The three trials of the trio of defendants were remarkable in several distinct features, the most noteworthy, perhaps, being illustrative of the bulldog tenacity of Francis J. Heney, the Government prosecutor. The juries in the two preceding cases had failed to agree, and Heney was apprehensive that the third trial would result in like failure. The case went to the jury about midnight, and while the body was deliberating upon a verdict. Mr. Heney and Thomas B. Neuhausen, Special Inspector of the Department of the Interior, who had worked up the evidence against the accused, were in consultation in the private rooms of the United States Attorney's office, preparing for a fourth trial, which they intended to press immediately the next morning in the event of another disagreement.
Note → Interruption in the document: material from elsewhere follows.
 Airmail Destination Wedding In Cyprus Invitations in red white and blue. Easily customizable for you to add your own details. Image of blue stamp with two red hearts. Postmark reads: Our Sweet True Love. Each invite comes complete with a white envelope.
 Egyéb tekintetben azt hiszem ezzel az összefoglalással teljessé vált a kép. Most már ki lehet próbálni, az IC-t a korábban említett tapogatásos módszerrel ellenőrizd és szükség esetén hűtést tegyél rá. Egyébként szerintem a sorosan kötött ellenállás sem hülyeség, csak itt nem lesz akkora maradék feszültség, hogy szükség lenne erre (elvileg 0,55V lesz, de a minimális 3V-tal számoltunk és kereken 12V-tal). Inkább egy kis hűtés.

While the two zealous officials were in the midst of these deliberations, a messenger brought the news that a verdict of guilty had been returned.
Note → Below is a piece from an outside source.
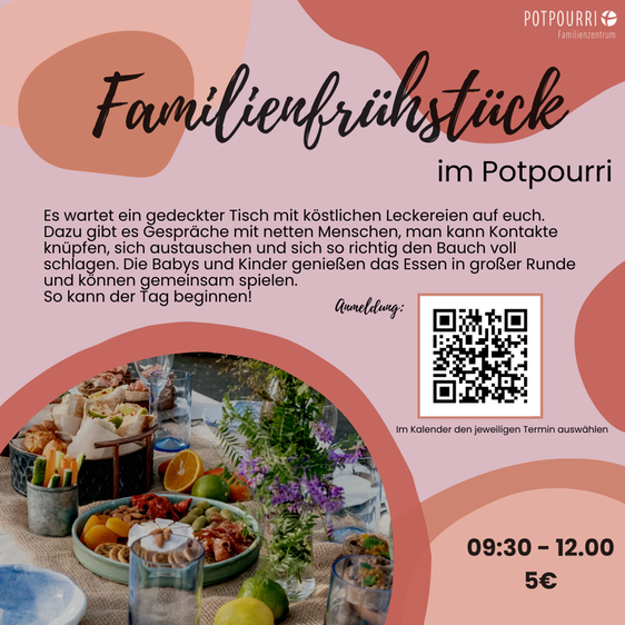 Es wartet ein gedeckter Tisch mit köstlichen Leckereien auf euch. Dazu gibt es Gespräche mit netten Menschen, man kann Kontakte knüpfen, sich austauschen und sich so richtig den Bauch voll schlagen. Die Babys und Kinder genießen das Essen in großer Runde und können gemeinsam spielen. So kann der Tag beginnen!

A woman's intuition was the cause of the prosecution again.st Congressman Williamson and his associates. Mr. Neuhausen, while occupying the position as Agent in Charge of Special Agents for Oregon—an office since designated as "Chief of Field Division"—with headquarters at The Dalles Land Office, had received instructions from the Commissioner of the General Land Office to investigate the status of the various entries embraced in the two townships, so many sworn statements, or timber applications, having been filed almost simultaneously as to arouse the suspicions of the authorities in Washington. In the course of his investigations, Mrs. Neuhausen assisted her husband in many ways, her knowledge of the land laws and familiarity with the methods of acquiring title to public lands being of immense benefit to him. While going over the accounts and records of the local Land office, Mrs. Neuhausen made the discovery that the checks in nearly every instance that had been transmitted to the Receiver at The Dalles Land Office as payment for the different tracts, had been issued in the name of Dr. Van Gesner an a Prineville bank, and further inquiry led to the discovery that Dr. Gesner was a member of the sheep raising firm of Williamson & Gesner.
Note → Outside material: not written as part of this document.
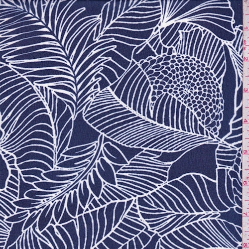 Dark Blue/White Sketch Floral Chiffon Fabric

It developed, upon investigation by Mr. Neuhausen, that while the lands were being taken up under the timber act, they were almost invariably bereft of standing timber of any commercial value, and were chiefly valuable for grazing purposes. Putting these circumstances together, he concluded that a fraud of huge dimensions was about to be perpetrated, and succeeded in obtaining confessions from a number of the entrymen, many of whom were employees of Williamson & Gesner, who admitted locating the lands in the interest of the stock raisers. A quantity of photographs were also secured, taken at different points in the two affected townships, nearly all of which indicated that the "timber" on the claims consisted for the most part of sagebrush and other undergrowth. These photographs were introduced in evidence, and formed part of the Government's exhibits in the case.
The defendants were represented in Court by Judge A. S. Bennett and H. S. Wilson, of The Dalles, and George W. Barnes, of Burns, Oregon.